A faithful copy of all the data is required; pictures should not be included.

---------- RECORDED DATA ----------

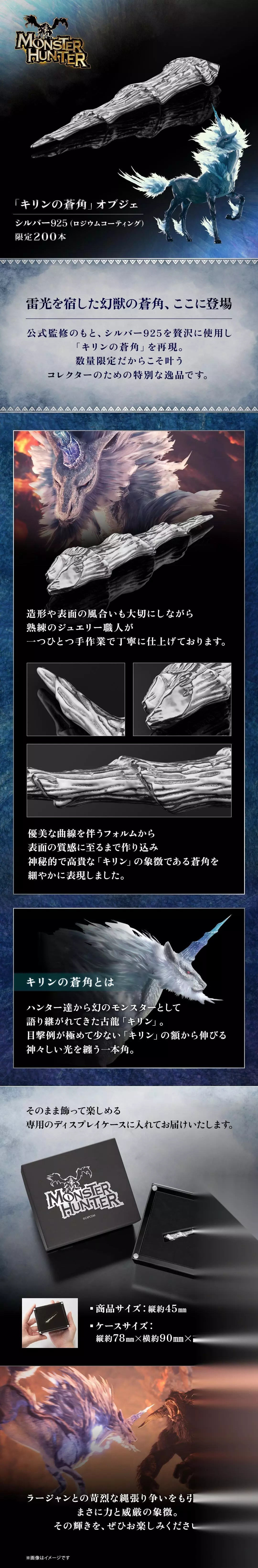 U-Treasure宣布将与“怪物猎人”系列合作推出“麒麟的苍角”饰品。售价为33000日元,限量200件。它由镀铑925银制成,并由珠宝工匠在官方监督下精心手工制作。 它将装在特制的展示盒中交付,以便作为收藏品展示。
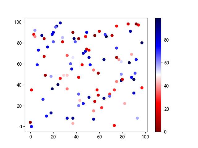 # 以下三行代码使编译器支持绘图功能: import sys import matplotlib matplotlib.use('Agg') import matplotlib.pyplot as plt import numpy as np # 生成随机数据: x = np.random.randint(100, size=(100)) y = np.random.randint(100, size=(100)) colors = np.random.randint(100, size=(100)) # 使用 seismic 反向配色方案创建散点图: plt.scatter(x, y, c=colors, cmap='seismic_r') plt.colorbar() plt.show() # 以下两行代码使编译器能够输出图形: plt.savefig(sys.stdout.buffer) sys.stdout.flush()
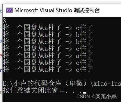 这里我给大家总结一下规则:大概就是一开始一共有n个盘子在A杆上,它是从大到小排列的,上面小下面大,我们一次只能移动一个盘子,而只能拿上面的盘子,而且在拿的过程中,ABC三个杆得保持每个杆上面小下面大,最后我们要让所有的盘子在C杆上,并且上面小下面大。
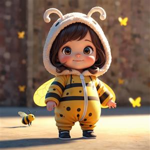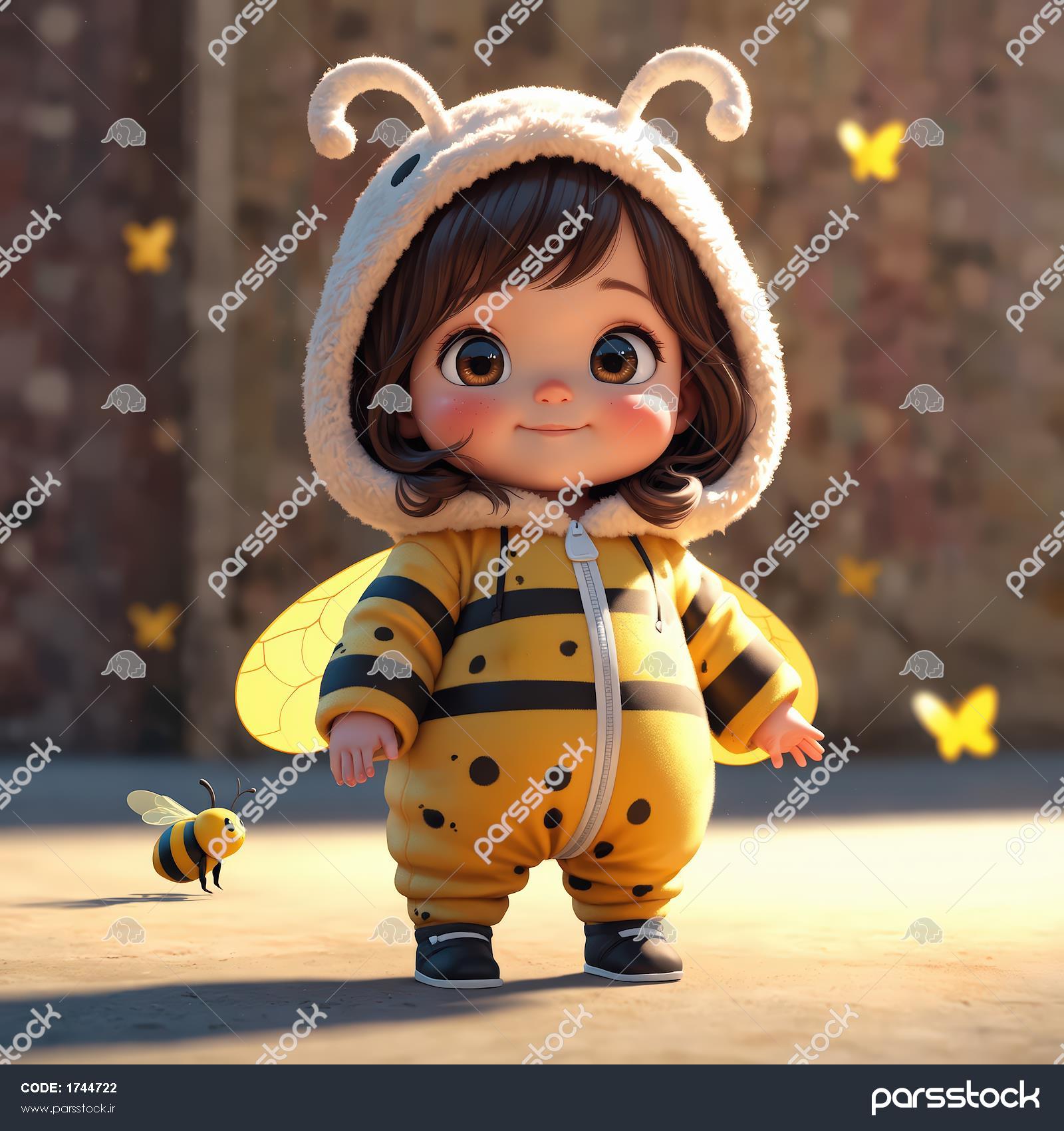 طرح دختر کارتونی زنبوری با خال‌های مشکی و کلاه کرکی در فضای باز
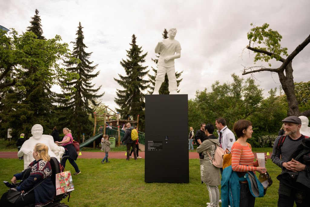 Interaktivní socha vznikla za laskavého přispění a díky ochotě jejích tvůrců – produkce Pink, autorů soch a podstavce architektonického studia Kolmo a Sochařské pohotovosti. Poděkování patří také hlavnímu partnerovi sochy, Muzeu hlavního města Prahy, a hlavnímu partnerovi podstavce, kterým je Všeobecná zdravotní pojišťovna ČR.
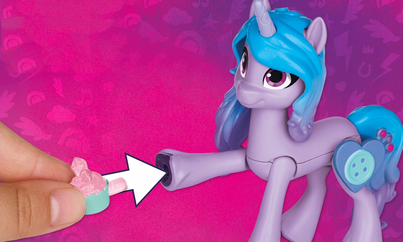 Figurka różowego jednorożca z niebiesko-fioletową grzywą i ogonem ombre jest ruchoma, a w kopytku może trzymać niektóre akcesoria z zestawu, np. filiżankę lub babeczkę. Piękna Izzy jest prawie gotowa na przyjęcie gości! Trzeba tylko doczepić do jej nóżki znaczek cutie mark w kształcie serca z guzikiem. I gotowe! Hmmm, a może jeszcze założyć bransoletkę na kopytko?
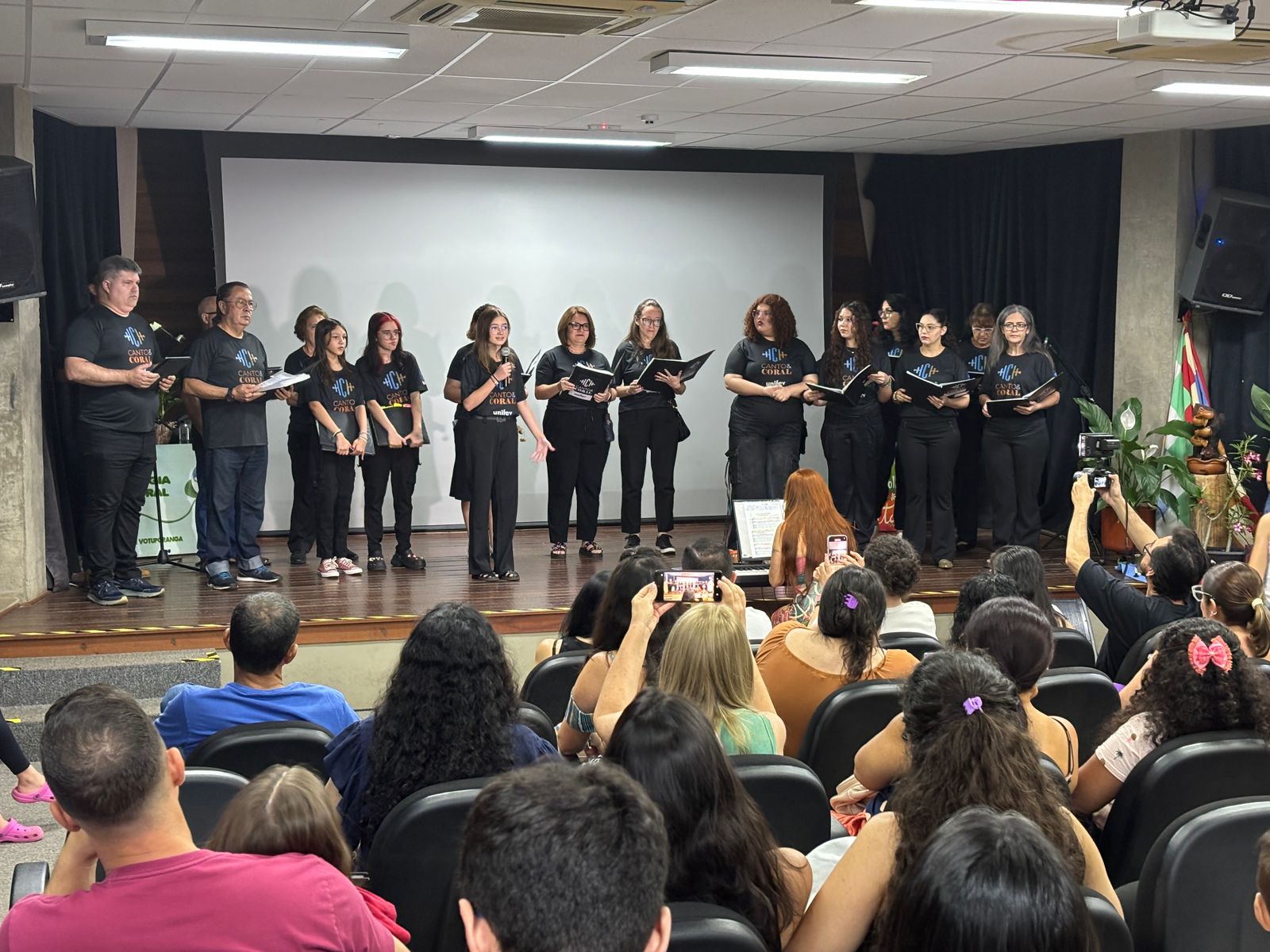 Com um repertório de músicas ligadas ao tema, o Coral encantou e emocionou o público, reforçando a mensagem de fé, esperança e cuidado com a vida e com a natureza.

----------

■ PROBLEM SOLUTION:
 U-Treasure宣布将与“怪物猎人”系列合作推出“麒麟的苍角”饰品。售价为33000日元,限量200件。它由镀铑925银制成,并由珠宝工匠在官方监督下精心手工制作。 它将装在特制的展示盒中交付,以便作为收藏品展示。
 # 以下三行代码使编译器支持绘图功能: import sys import matplotlib matplotlib.use('Agg') import matplotlib.pyplot as plt import numpy as np # 生成随机数据: x = np.random.randint(100, size=(100)) y = np.random.randint(100, size=(100)) colors = np.random.randint(100, size=(100)) # 使用 seismic 反向配色方案创建散点图: plt.scatter(x, y, c=colors, cmap='seismic_r') plt.colorbar() plt.show() # 以下两行代码使编译器能够输出图形: plt.savefig(sys.stdout.buffer) sys.stdout.flush()
 这里我给大家总结一下规则:大概就是一开始一共有n个盘子在A杆上,它是从大到小排列的,上面小下面大,我们一次只能移动一个盘子,而只能拿上面的盘子,而且在拿的过程中,ABC三个杆得保持每个杆上面小下面大,最后我们要让所有的盘子在C杆上,并且上面小下面大。
 طرح دختر کارتونی زنبوری با خال‌های مشکی و کلاه کرکی در فضای باز
 Interaktivní socha vznikla za laskavého přispění a díky ochotě jejích tvůrců – produkce Pink, autorů soch a podstavce architektonického studia Kolmo a Sochařské pohotovosti. Poděkování patří také hlavnímu partnerovi sochy, Muzeu hlavního města Prahy, a hlavnímu partnerovi podstavce, kterým je Všeobecná zdravotní pojišťovna ČR.
 Figurka różowego jednorożca z niebiesko-fioletową grzywą i ogonem ombre jest ruchoma, a w kopytku może trzymać niektóre akcesoria z zestawu, np. filiżankę lub babeczkę. Piękna Izzy jest prawie gotowa na przyjęcie gości! Trzeba tylko doczepić do jej nóżki znaczek cutie mark w kształcie serca z guzikiem. I gotowe! Hmmm, a może jeszcze założyć bransoletkę na kopytko?
 Com um repertório de músicas ligadas ao tema, o Coral encantou e emocionou o público, reforçando a mensagem de fé, esperança e cuidado com a vida e com a natureza.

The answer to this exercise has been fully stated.